Low dopamine striatal D2 receptors are associated with prefrontal metabolism in obese subjects: possible contributing factors

Nora D Volkow, Gene-Jack Wang, Frank Telang, Joanna S Fowler, Panayotis K Thanos, Jean Logan, David Alexoff, Yu-Shin Ding, Christopher Wong, Yeming Ma, Kith Pradhan, Nora D Volkow, Gene-Jack Wang, Frank Telang, Joanna S Fowler, Panayotis K Thanos, Jean Logan, David Alexoff, Yu-Shin Ding, Christopher Wong, Yeming Ma, Kith Pradhan

Abstract

Dopamine's role in inhibitory control is well recognized and its disruption may contribute to behavioral disorders of discontrol such as obesity. However, the mechanism by which impaired dopamine neurotransmission interferes with inhibitory control is poorly understood. We had previously documented a reduction in dopamine D2 receptors in morbidly obese subjects. To assess if the reductions in dopamine D2 receptors were associated with activity in prefrontal brain regions implicated in inhibitory control we assessed the relationship between dopamine D2 receptor availability in striatum with brain glucose metabolism (marker of brain function) in ten morbidly obese subjects (BMI>40 kg/m(2)) and compared it to that in twelve non-obese controls. PET was used with [(11)C]raclopride to assess D2 receptors and with [(18)F]FDG to assess regional brain glucose metabolism.
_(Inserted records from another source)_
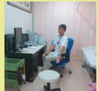
⑥マイクでお名前が呼ばれ 診察が始まります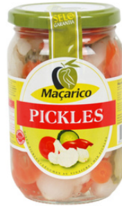
PICKLES FLACON PETIT MACARICO 210G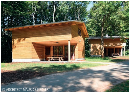
6100-1328 Ferienhaus (Ferienhaussiedlung) Seite 406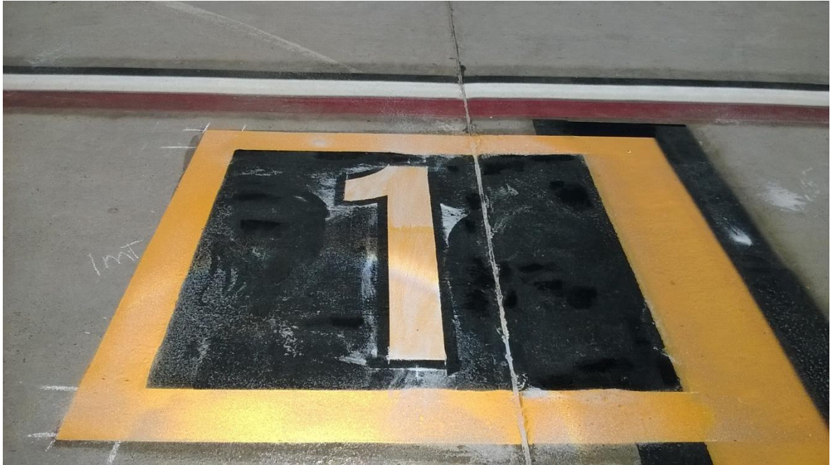
Figura N° 39: señalamiento diurno finalizado.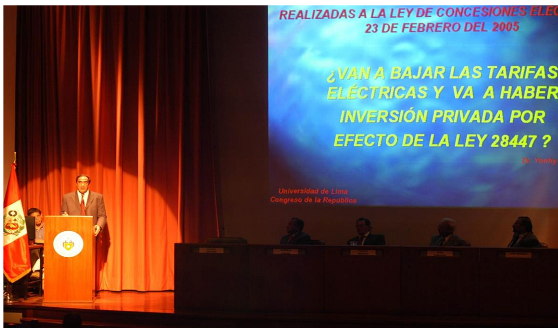
Presentación del Congresista Yonhy Lescano ene el Auditorio Central de la prestigiosa Universidad de Lima

La ponencia de fondo estuvo a cargo del Dr. Yonhy Lescano Ancieta, Presidente de la Comisión de Defensa del Consumidor y Organismos Reguladores de Servicios Públicos del Congreso con el tema “¿Van a Bajar las Tarifas Eléctricas y va a haber Inversión Privada por efecto de la Ley 28447?”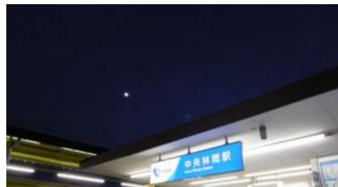
東林間駅 中央林間駅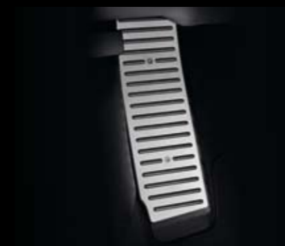
Reposapiés. Footrest. Apoia-pés. 3R0071750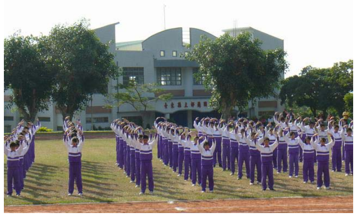
图：二零零九年十二月十一日，台湾台东县都兰国中校庆运动会开幕典礼上全校一百多位学生表演了法轮功五套功法，动作整齐、优美，让家长 and 来宾十分赞叹。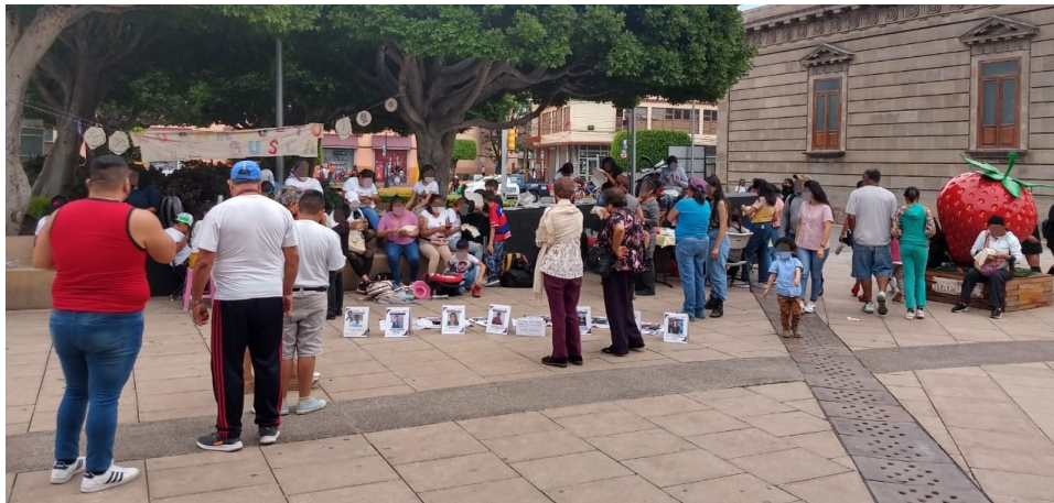
Figura 5. Fotografía del taller de bordado con asistentes del colectivo Hasta encontrarte en Jardín Irapuato.

En cuanto a la retroalimentación que se recibe en los distintos espacios por parte de las personas externas a los colectivos, fue perceptible que la sensibilización y participación política es diversa. Por lo regular, hay miradas, lo que implica el comienzo de un proceso de sensibilización de lo que los colectivos proponen como algo que debería ser una preocupación social. Otras expresiones del interés se dieron por personas que iban pasando y fueron también haciendo conversación entre ellos alrededor del espacio del taller y frente a las lonas, un par de personas periodistas interesadas en hacer contacto con las organizadoras de los talleres, personas tomando fotos y preguntando a las talleristas la justificación de este.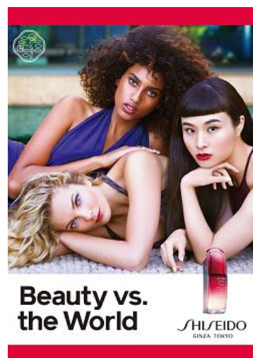
新「SHISEIDO」 アルティミューンの広告ビジュアル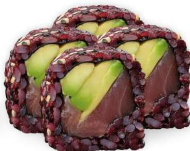
225 BLACK TUNA riso venere, tonno*, avocado € 5,00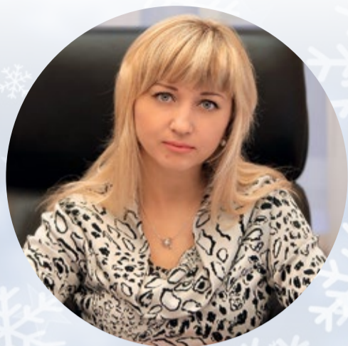
О.А. ПАВЛОВА, заместитель губернатора области

Уважаемые друзья! 2016-й год был наполнен значительным количеством важных и ярких событий. В календаре памятных и праздничных дат Белгородчины особое место заняло 140-летие Белгородского государственного университета.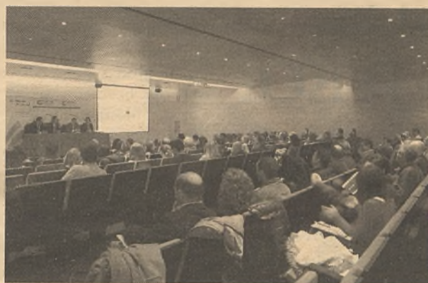
Los empresarios se mostraron muy interesados.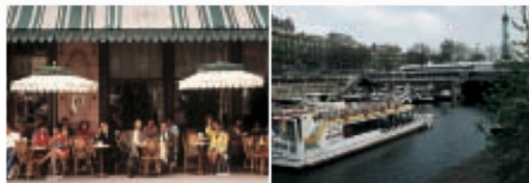
Gauche Café de la Paix Droite Visite des canaux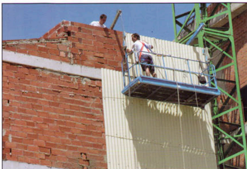
Construcción de un tabique pluvial.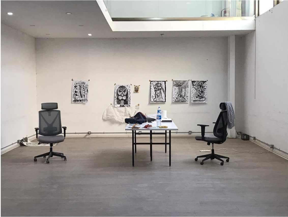
Egoitzako estudioaren argazkia.

In obese subjects striatal D2 receptor availability was lower than controls and was positively correlated with metabolism in dorsolateral prefrontal, medial orbitofrontal, anterior cingulate gyrus and somatosensory cortices. In controls correlations with prefrontal metabolism were not significant but comparisons with those in obese subjects were not significant, which does not permit to ascribe the associations as unique to obesity. The associations between striatal D2 receptors and prefrontal metabolism in obese subjects suggest that decreases in striatal D2 receptors could contribute to overeating via their modulation of striatal prefrontal pathways, which participate in inhibitory control and salience attribution. The association between striatal D2 receptors and metabolism in somatosensory cortices (regions that process palatability) could underlie one of the mechanisms through which dopamine regulates the reinforcing properties of food.

Figures

Fig. 1
Fig. 1
Brain maps obtained with SPM showing the areas where the correlations between striatal D2 receptor availability and brain glucose metabolism were significant. Significance corresponds to P<0.005, uncorrected, cluster size>100 voxels.
Fig. 2
Fig. 2
Regression slopes between DA D2 receptor availability (Bmax/Kd) and regional glucose metabolism (μmol/100 g/min) in prefrontal regions and in somatosensory cortex. The values for these correlations are shown in Table 2.